ISSUES PRESENTED FOR REVIEW
P.C. Real Estate presents the following questions for our review, which we have consolidated and rephrased as follows:
Rephrased and consolidated from:
1. Did the trial court err by not converting the motion to dismiss into a motion for summary judgment when the court considered matters outside the pleading in ruling on the motion?
2. Did the trial court err in construing the language of the July 31, 2020 e-mail from Appellee's Vice President responding to Appellant's request for partial release values under the deed of trust?
3. Did the trial court err in failing to construe asserted facts and inferences in the light most favorable to Appellant when ruling on the motion?
4. Did the trial court err by refusing to consider the deposition of Appellee's former Vice President in violation of Md. Rules 2-322(c) and 2-501(b)?P.C. Real Estate also raised a fifth question for appellate review; however, it subsequently abandoned that contention in its reply brief and no longer requests a ruling from this Court on the question.
I. Whether the circuit court considered matters outside of the pleadings and thereby converted BayVanguard's motion to dismiss into a motion for summary judgment.

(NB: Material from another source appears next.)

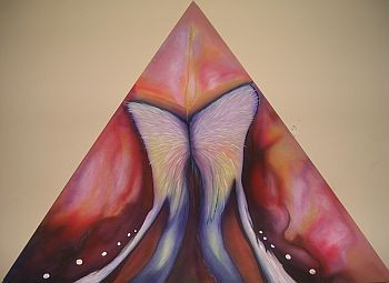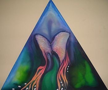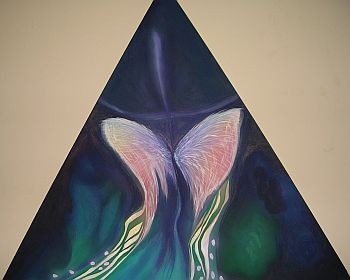 The Jera rune is change, development and reward. The reward comes from not fighting the changes, but accepting it. In the Jera paintings the figures are morphing into bird-like shapes. Some of the paintings are representing humans as energy forms.

II. Whether the circuit court erred in its interpretation of the parties' email
communications.
FACTUAL AND PROCEDURAL BACKGROUND
In January of 2010, P.C. Real Estate executed a note and a deed of trust in favor of Madison Federal Savings and Loan ("Madison" or "predecessor bank") secured by eight properties. Pursuant to the deed of trust, upon the sale of any of the properties, Madison could demand all proceeds of any such transaction. P.C. Real Estate engaged in discussions with Madison in 2018 regarding modifying the loan to provide for partial release values for the eight properties under the deed of trust. These discussions were not resolved prior to February of 2020 when Madison merged with BayVanguard, the surviving entity. BayVanguard assumed Madison's assets, including the loan.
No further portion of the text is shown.